Let me say some words about vectorization.
Vectorization could be manual (developer writes SSE instructions) or automatic (compiler rollups loops and inserts SSE instructions).
Modern compilers can generate quite optimal vectorized code.
Manual vectorization requires a lot of work and don't always guarantee significant speedup.
But both kind of vectorizations are possible only if data processing algorithms have local memory access patterns.
So, good data structure design automatically gives you automatic vectorization.
Column-oriented processing a-priori assumes vectorized code execution, but there are many details in its implementation...
ClickHouse indeed don't have explicit SSE instructions in aggregate functions.
However their memory access patterns remains local.
But there is an overhead for procedure add() call (it adds new element to a group).

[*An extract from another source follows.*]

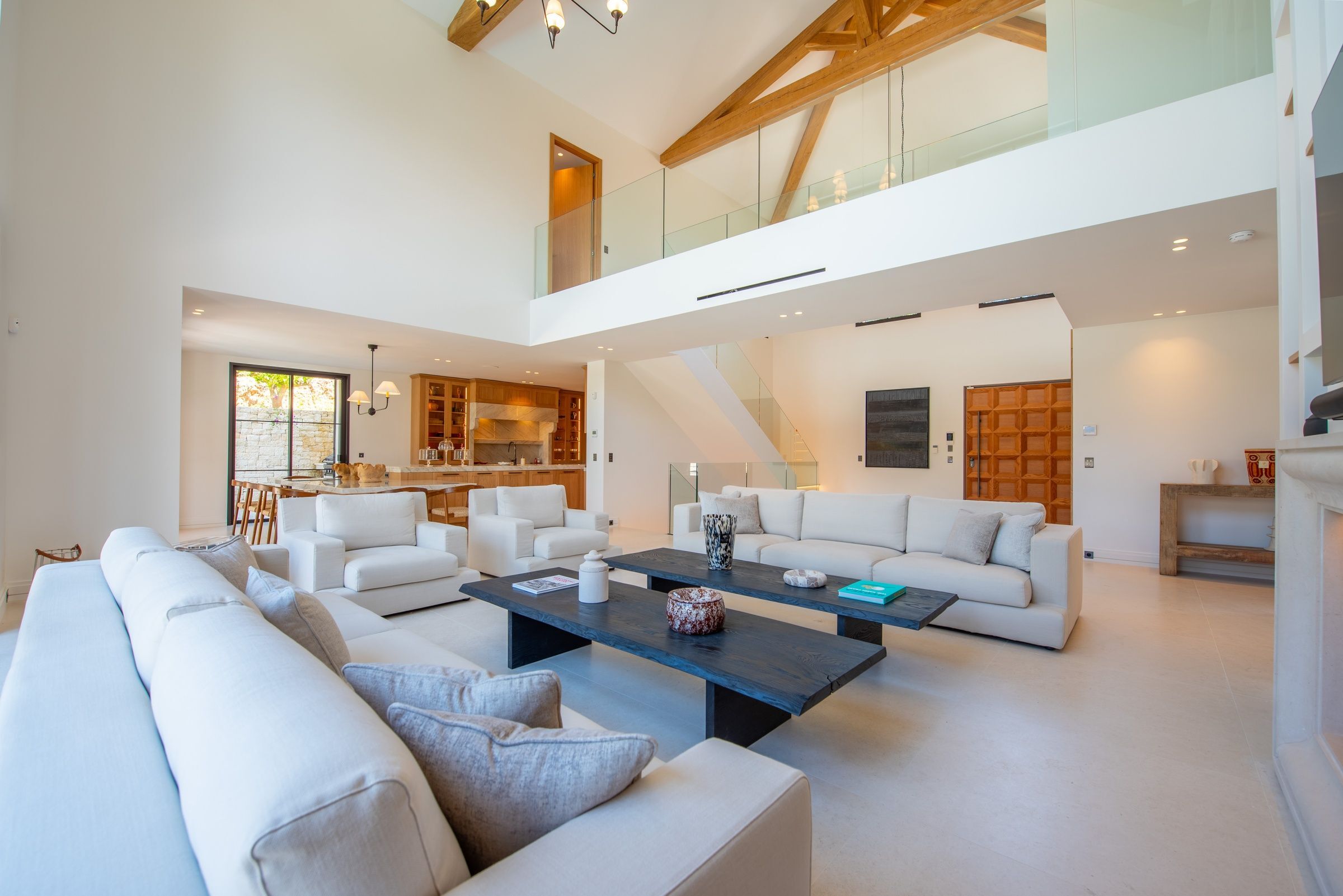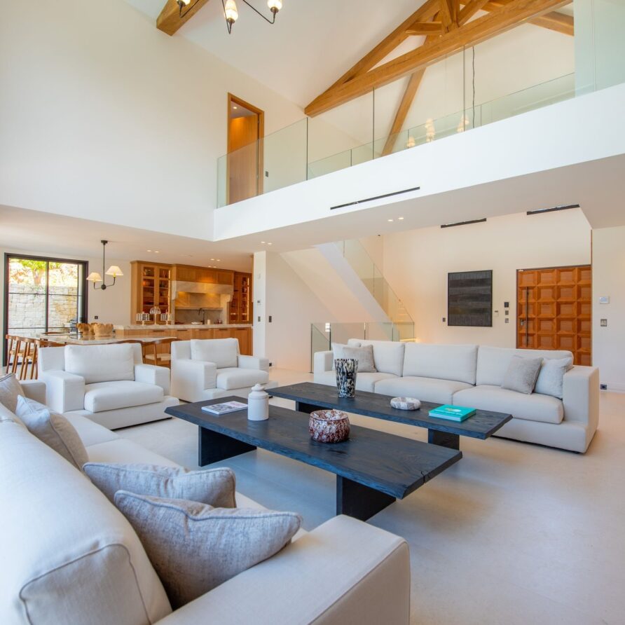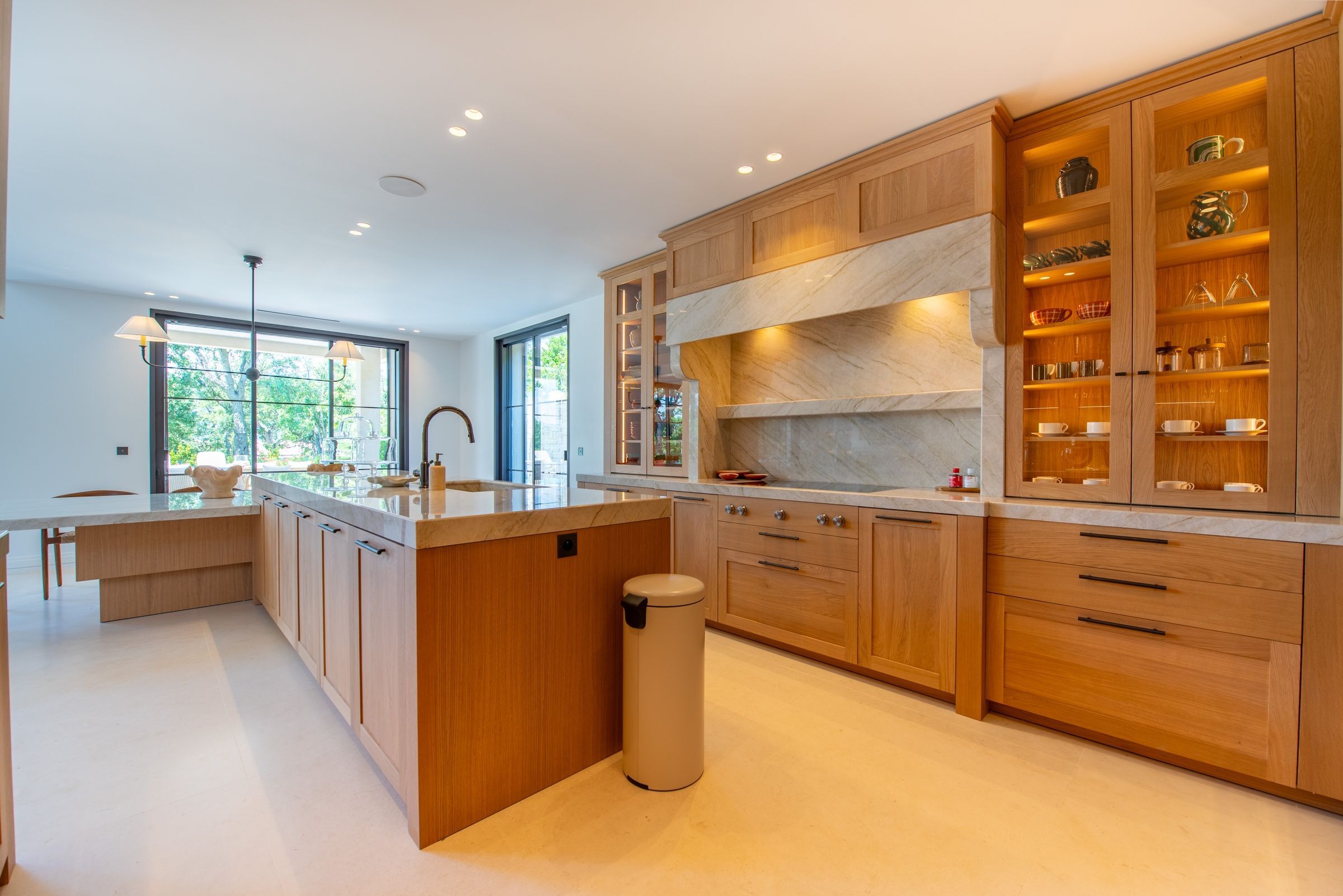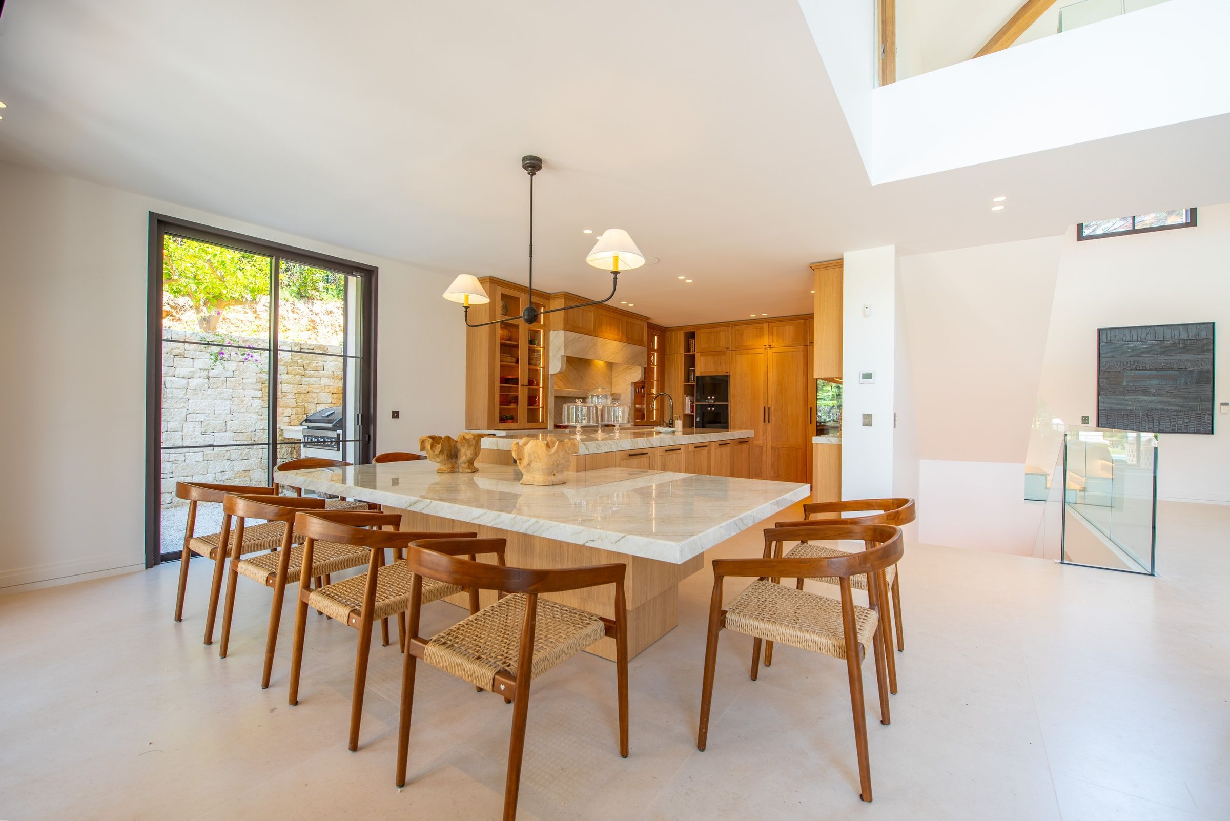 On the ground floor, a spectacular 100 m² living room, the centerpiece of the villa, highlighted by 8.5-meter-high exposed oak beams and flooded with natural light. A partial sea views can be seen from the living room and the garden maintain a constant connection with the Mediterranean. You can also find a fully equipped semi-professional Gaggenau kitchen, open to the dining area and living space, perfect for convivial moments.

To avoid the overhead, ClickHouse has runtime compilation of aggregate function with clang (docs in Russian, install clang, and set <compile>1</compile> in profile settings).
ClickHouse generates a code for all aggregate functions of a query, Clang comiples it, rollups loops, inlines all add() calls and tries to insert SSE code.
Such efforts allows to increase speed of GROUP BY up to 2x times.
We don't have benchmark for "CH with vectorization on" vs "CH with vectorization off" case due to reasons described above.
But we compared performance of ClickHouse with several row-oriented databases (that has lack of vectorization).
You can see the result on benchmark page.
We don't compile code with AVX by default, since some amount of productions servers dont's support it still.
You can add a compiler's flag and recompile ClickHouse to turn on AVX, but manual vectorizatoins will use SSE only.